Version 3 of HL7 is version 3.uses only XML encoding. However, almost all institutions currently use a 2.x version of HL7 and almost no clinical care system has adopted version 3. New 2.x HL7 versions continue to be developed in addition to the work on HL7 version 3.

We represent our messages in the widely used HL7 2.4 format so that it can be easily implemented in today’s institutions and because everyone in the industry is familiar with it. Using version 2.4XML gives us the advantage of the unified methods of processing the content of SOAP messages as well as direct translatability between pipe delimited HL7 messages and their XML equivalents. The HL7 content that is relevant to this project is listed in the following HL7 manual chapters.

Chapter Description
1 Broad description of the HL7 message format
2 Defines HL7 data types and control segments
3 Defines Patient Identification (PID) segments
5 Defines HL7 Query messages
7 Defines Observation Reporting segments for transmitting patient reports and results

We designate some HL7 fields as “not used” for this project. Those field values will be ignored in the communications. No error will be signaled if these fields are populated.

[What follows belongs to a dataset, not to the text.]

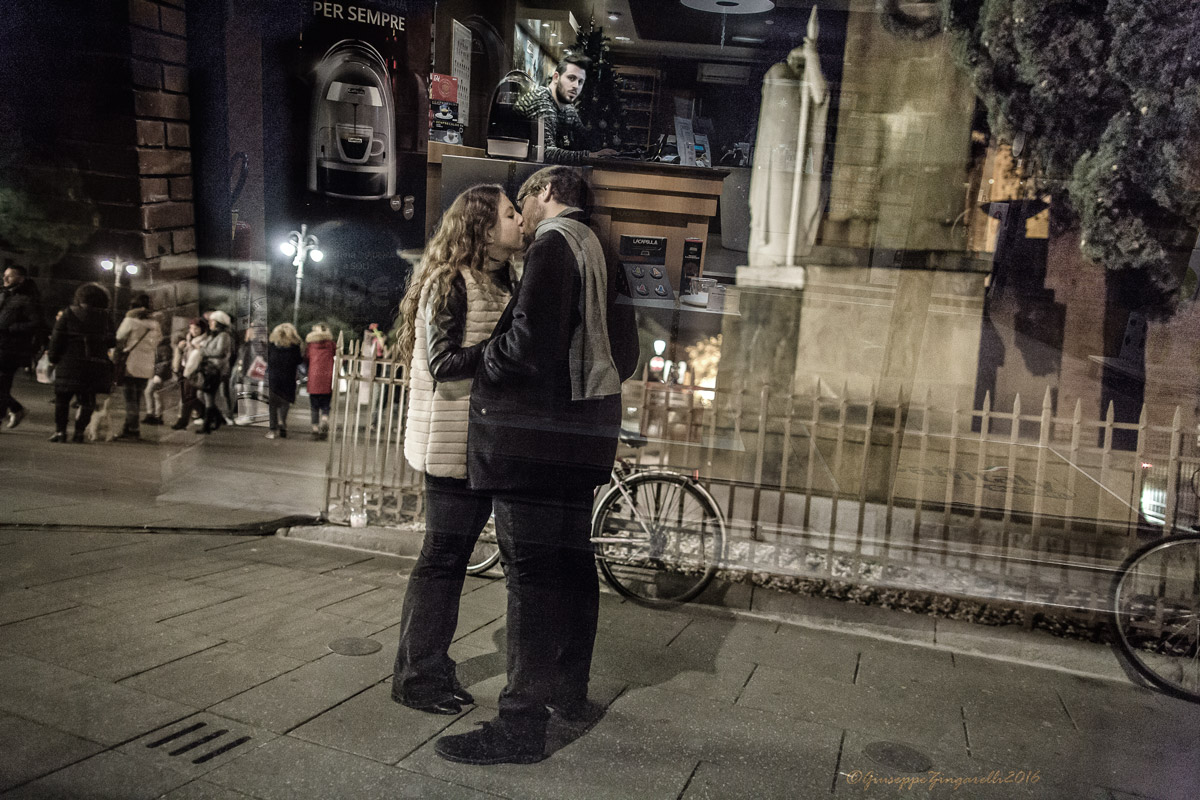 Se è stato un bacio lungo e passionale forse avevi il tempo di curare ancora meglio la ripresa. L'uomo che esce al margine sinistro, così come la ruota della bici che sbuca a destra disturbano un pochino: potresti eliminarli con un taglio adottando un diverso formato per la foto.
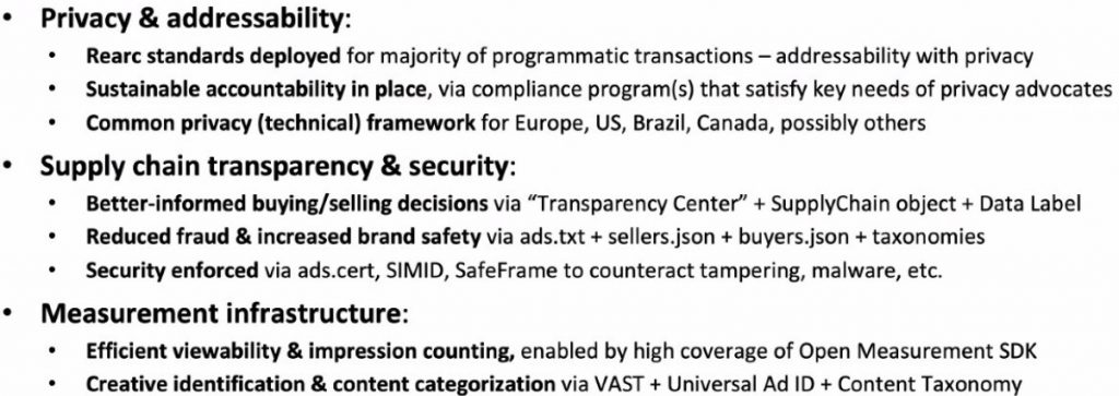 Project Rearc obviously plays a major role in next year’s efforts (for the most recent update on Project Rearc, please visit the webinar page here), work has already started on standards for improved buy-side transparency (i.e. buyers.json) and leveraging the capabilities of Open Measurement for more devices and products will be an important evolution. Lots to look forward to…

HL7 content will be sent within the “body” of our SOAP messages with standard SOAP message headers and SOAP wrappers. The SOAP standard is defined at http://www.w3.org/TR/soap/.

Appendix B contains general guidelines for formatting the HL7 content. In the near future, we hope to simply point developers to an existing HL7 implementation guide, such as the ELINCS specification, for this information.